# Best place to buy moss



## tinctorus (Apr 24, 2009)

Hey guys anyone got any ideas on the best places to buy live moss?
Ebay will occasionally have a decent amount of pillow moss for sale and ive have also found this website Moss Acres - Gardening with moss and growing moss but I would like to order from one of the vendors on here and havent found anyone
joshsfrogs lists a moss section on his website but doesnt currently have any moss listed


----------



## joshsfrogs (May 6, 2004)

While spikemosses are not really mosses, most (except the cypress) act like a moss. I like to take the plants and tear them into small (1") pieces and throw them on the substrate. It creates a nice 1-3" ground cover over the entire bottom of the tank.


----------



## tinctorus (Apr 24, 2009)

I just got my mosses from them and they came in perfectly and the moss covered cedar branches are really pretty sweet looking


----------



## bobberly1 (Jul 16, 2008)

You're not using anything that touched the cedar in a tank are you?


----------



## Deli (Jun 24, 2008)

tinctorus said:


> I just got my mosses from them and they came in perfectly and the moss covered cedar branches are really pretty sweet looking


Cedar is a big no no for dart vivs.


----------



## frogparty (Dec 27, 2007)

agreed agreed agreed cedar is the biggest wood nono you can do! no cedar no cedar!


----------



## harrywitmore (Feb 9, 2004)

frogparty said:


> agreed agreed agreed cedar is the biggest wood nono you can do! no cedar no cedar!


OK, I see this all the time but I have never heard the science behind this statement. Uncut weathered cedar has no smell even when closed in a container. So, what is the reason it's so bad? 

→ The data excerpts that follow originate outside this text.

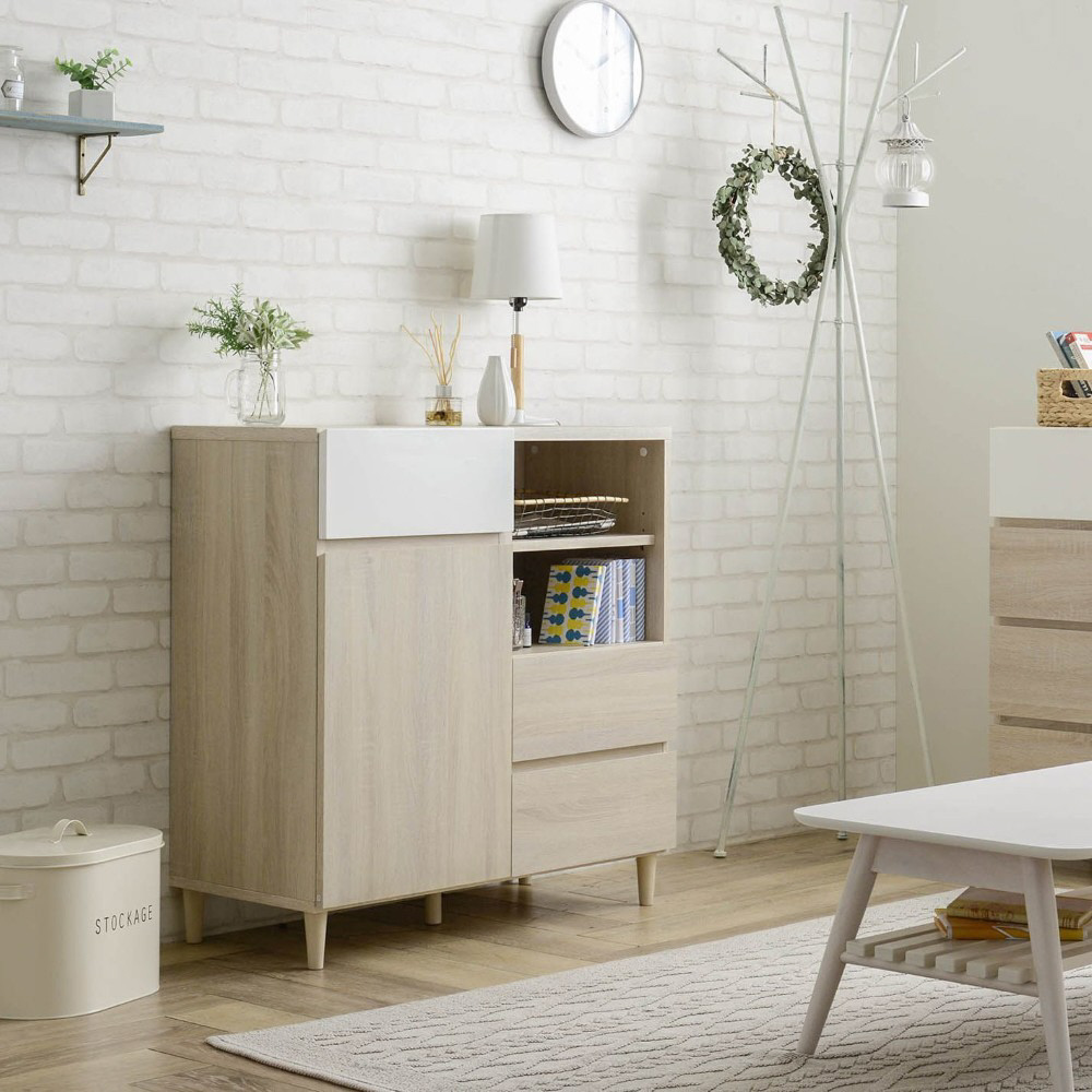 リビングやベッドルームで、テレビ、オーディオ、電話台として使用したり、ワークスペースとしても使いやすい高さとなっています。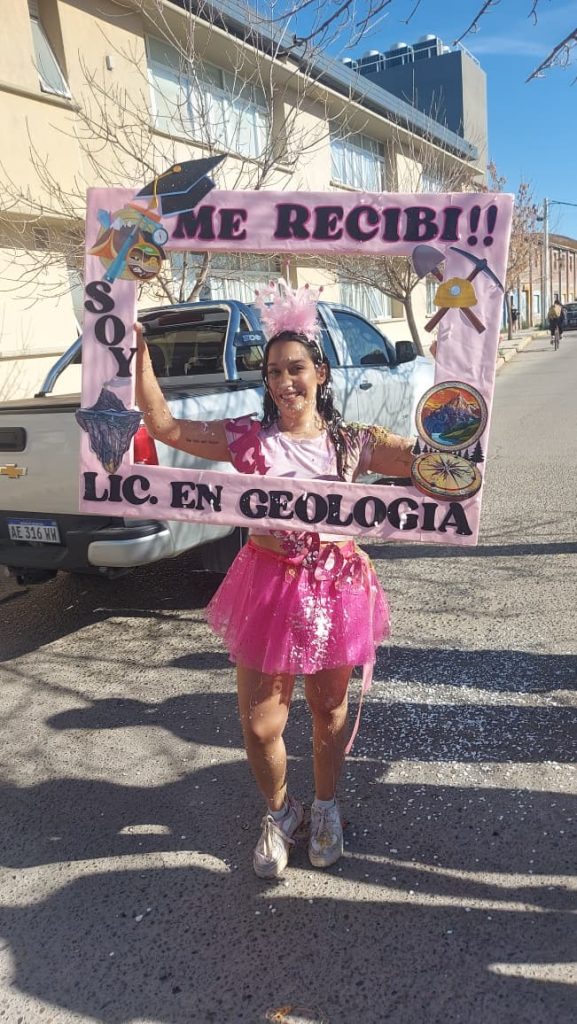 “Felicidades a la nueva licenciada en Geología, Florencia López, que el día de hoy presentó su tesis aprobándola con 10. Decirle que estamos muy orgullosos de ella, de sus logros y desearle lo mejor en esta nueva etapa”.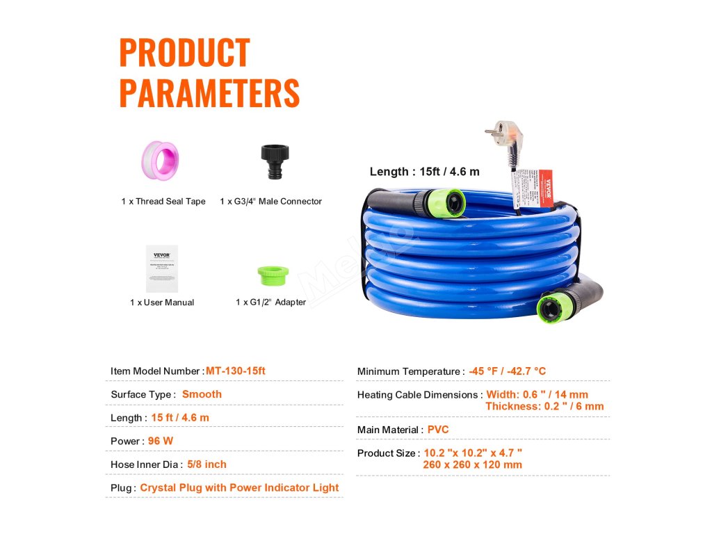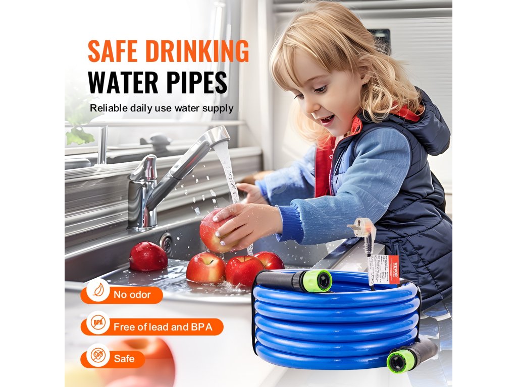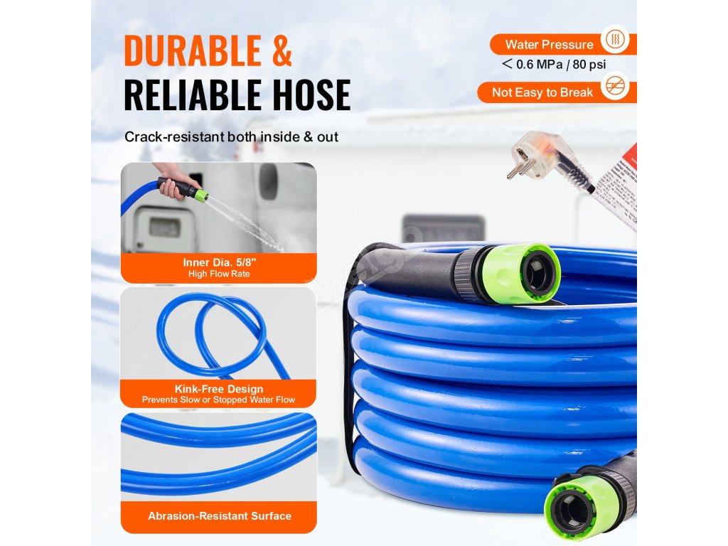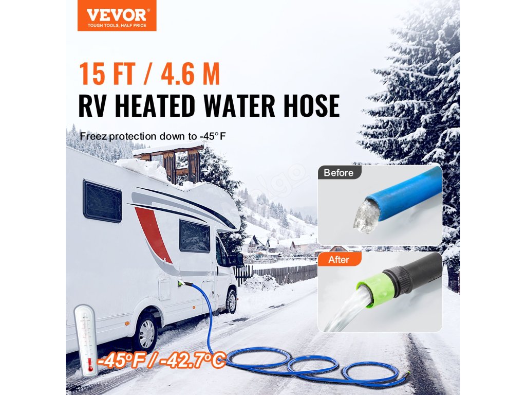 Během zimních nocí ve většině regionů běžné hadice kvůli nízkým teplotám zamrzají. S vyhřívanou hadicí na vodu VEVOR pro obytné vozy si můžete při kempování v obytném voze užívat běžného používání vody i při teplotách až -45 °C.
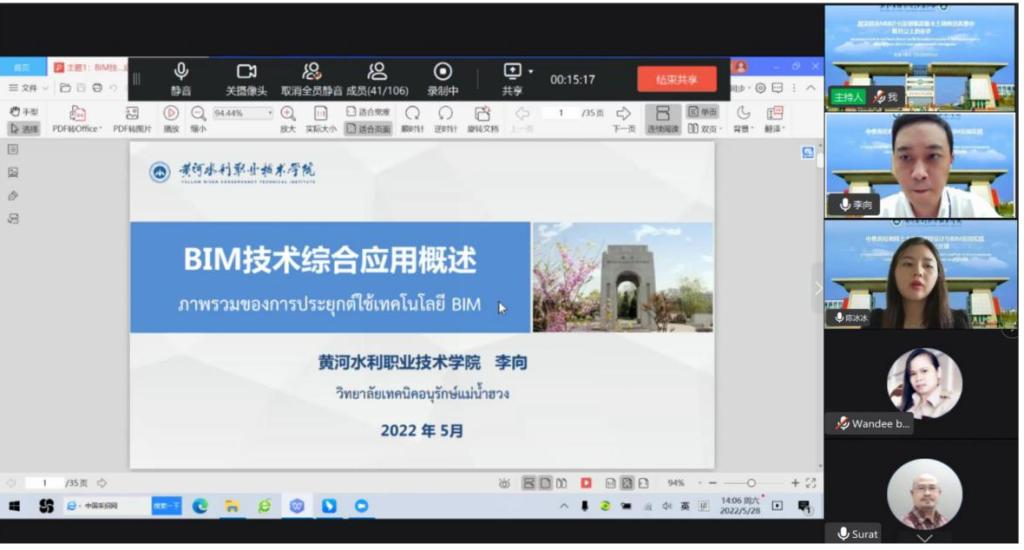 5月28日,我校与泰国职业教育委员会办公室联合举办了建筑工程技术专业泰国高校教师线上培训。来自泰国汶干职业学院、清迈职业学院、南邦理工学院等高职院校的80余名教师参加了此次培训。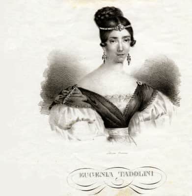 Eugenia Tadolini was an Italian operatic soprano. Admired for the beauty of her voice and stage presence, she was one of Donizetti's favourite singers. During her career she created over 20 leading roles, including the title roles in Donizetti's Linda di Chamounix and Maria di Rohan and Verdi's Alzira.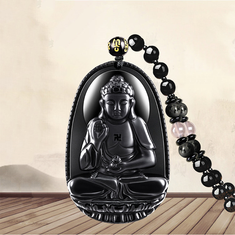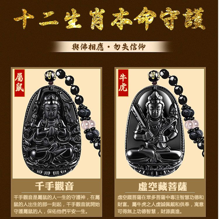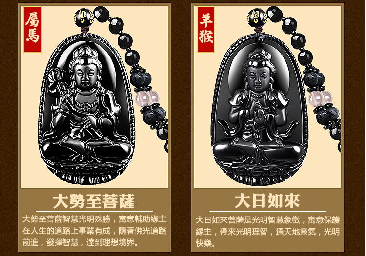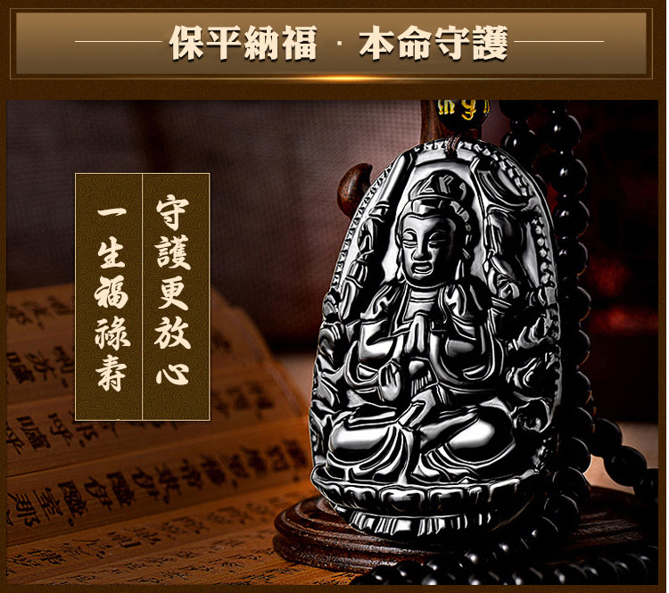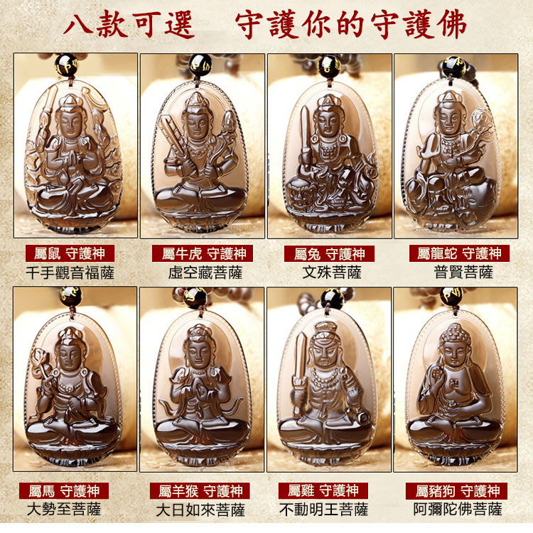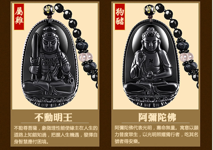 【招財辟邪】【生肖狗豬阿彌陀佛】6A頂級天然烏金黑曜石十二生肖本命佛守護吊墜項鍊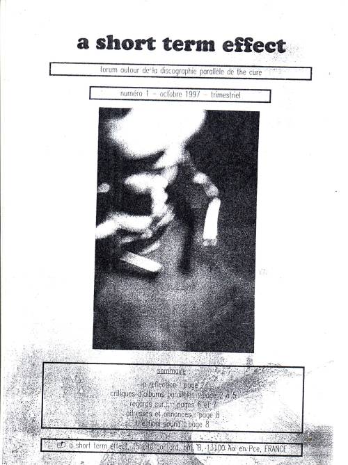 A Short Term Effect (France) n° 1 1. 10. 1997 petr.halla FANZINES, FANZINES (1997), FANZINES (FRANCE), UNOFFICIAL PUBLICATIONS 0 INFO Issue n° 1 includes articles about The Cure's discography. 8 pages SCANS FANZINES 1997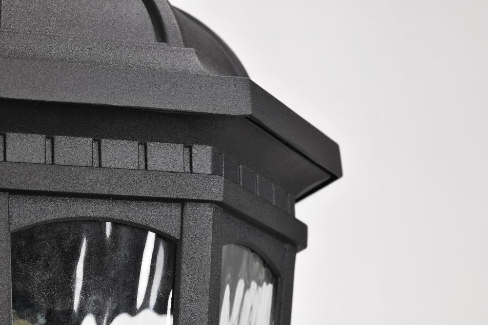 With a hint of provincial design, the East River Outdoor Collection features old-world charm combined with today's style. The rippling, clear water glass dances in the light, and is encased in a beautifully designed fixture with a matte black finish hi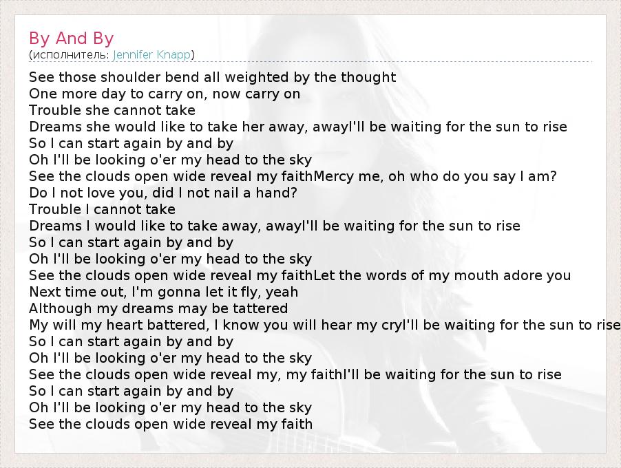 See the clouds open wide reveal my, my faithI'll be waiting for the sun to rise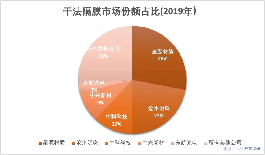 自2017年起,兩家公司分別從4%,9%的市占率開始不斷減產,于2019年雙雙告負出局。經過一番慘烈出清,“寡頭”格局出現,高工產業網資料整理顯示,2019年干法隔膜國內前五大生產廠商占據了74%的市場份額。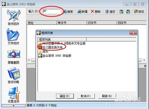 2、打開(kāi)修改器,輸入子龍同學(xué)的武力值97,搜索的時(shí)候會(huì)讓你選擇搜查的程序。選擇你要修改的游戲就對(duì)了。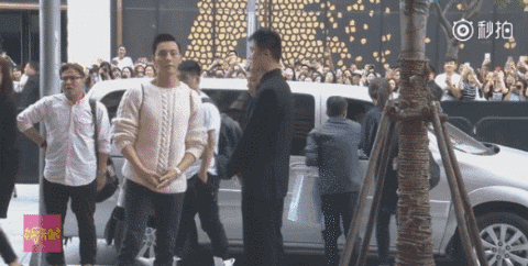 事实上,他也是这么做的。粉丝要合照,他担心粉丝不小心磕到头,还绅士的用手为粉丝挡了一下。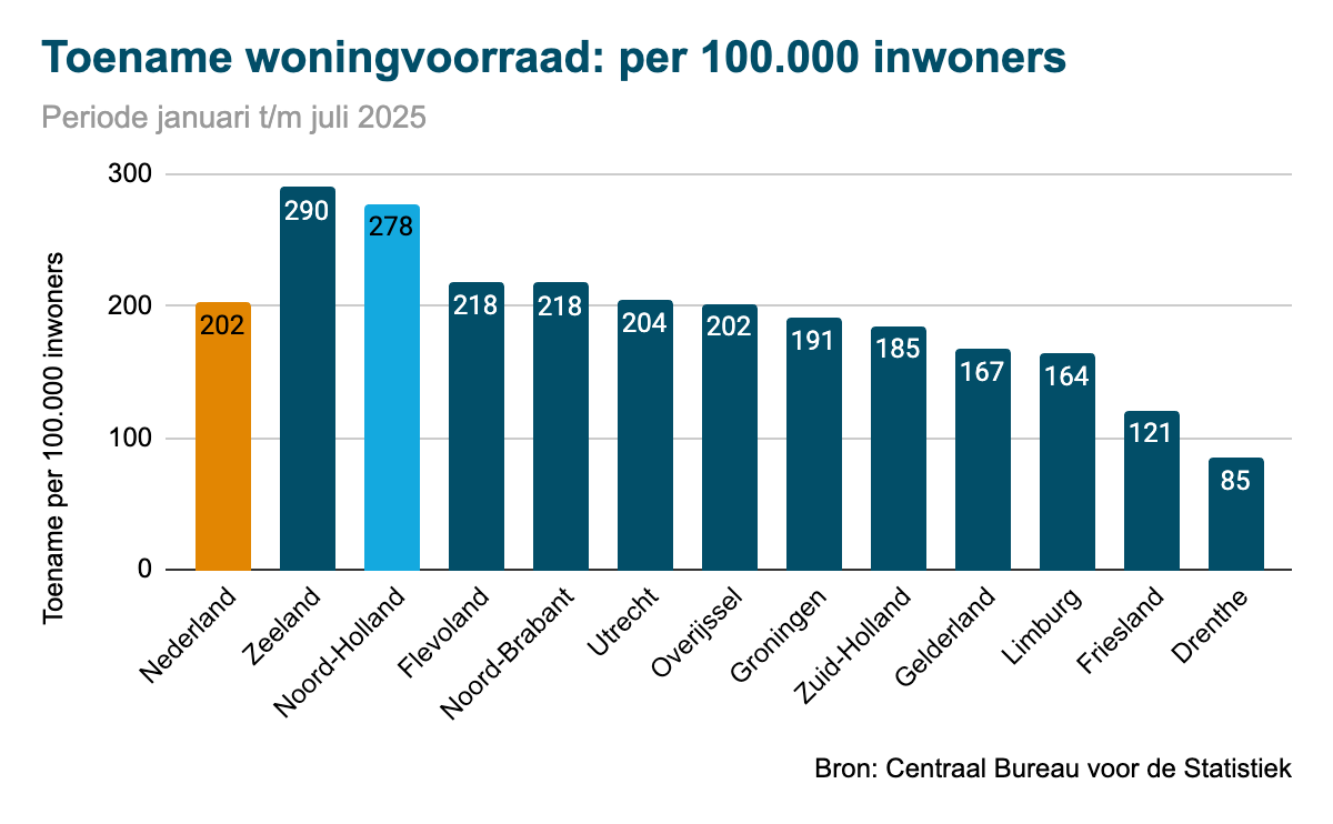 Zo nam de voorraad in Zeeland met 290 woningen per 100.000 inwoners 44% meer toe dan gemiddeld. In Noord-Holland nam de voorraad met 278 woningen per 100.000 inwoners 38% meer toe dan gemiddeld.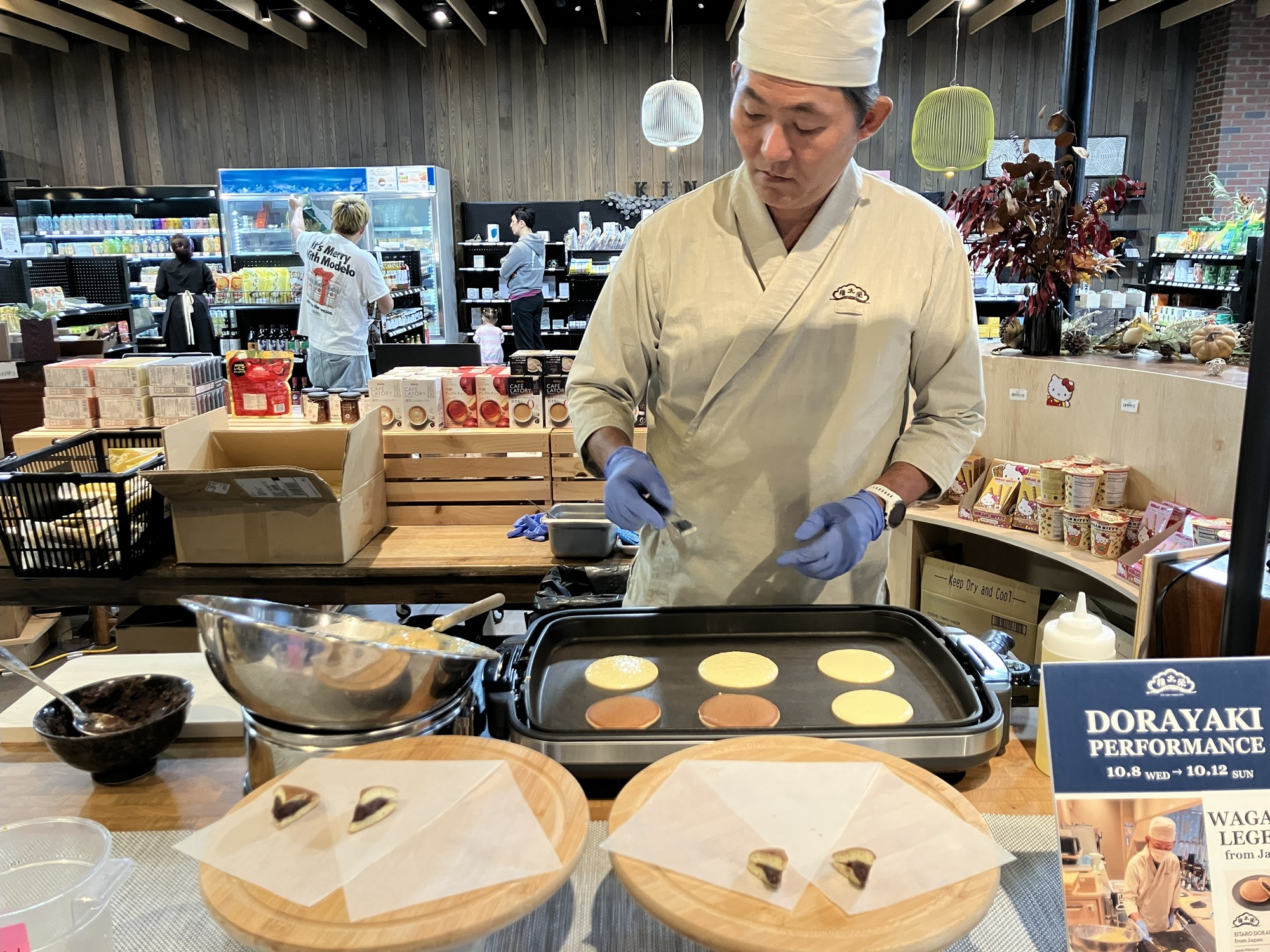 話し合いを重ねる中で、現地でも比較的親しみやすい「どらやき」を売ろうという話になりました。「せっかくなら、ただ並べて売るだけでは面白くない、現地で実演パフォーマンスをしよう」と、副社長の細田真也自らが決意。限られた期間の中、ひと夏で製造技術を習得し、昨年秋に初の実演パフォーマンスを披露。日本橋どらやきは期間中完売し、抹茶イベントとともに好評を博しました。

I'm not disputing it, I'm just asking.


----------



## Dane (Aug 19, 2004)

harrywitmore said:


> OK, I see this all the time but I have never heard the science behind this statement. Uncut weathered cedar has no smell even when closed in a container. So, what is the reason it's so bad?
> 
> I'm not disputing it, I'm just asking.


I think that the oils can still be present in the wood even after it's dry, and possibly leach out into the tank over time.


----------



## tinctorus (Apr 24, 2009)

I don't see the cedar as being an issue I had it in my last dart frog tank and everything was perfectly fine I had a number of moss covered cedar branches without any issues and my frogs use to be all over them they are fresh amd weathered to the point where the bark peels off the log and I am left with essentially cedar bark covered in moss


----------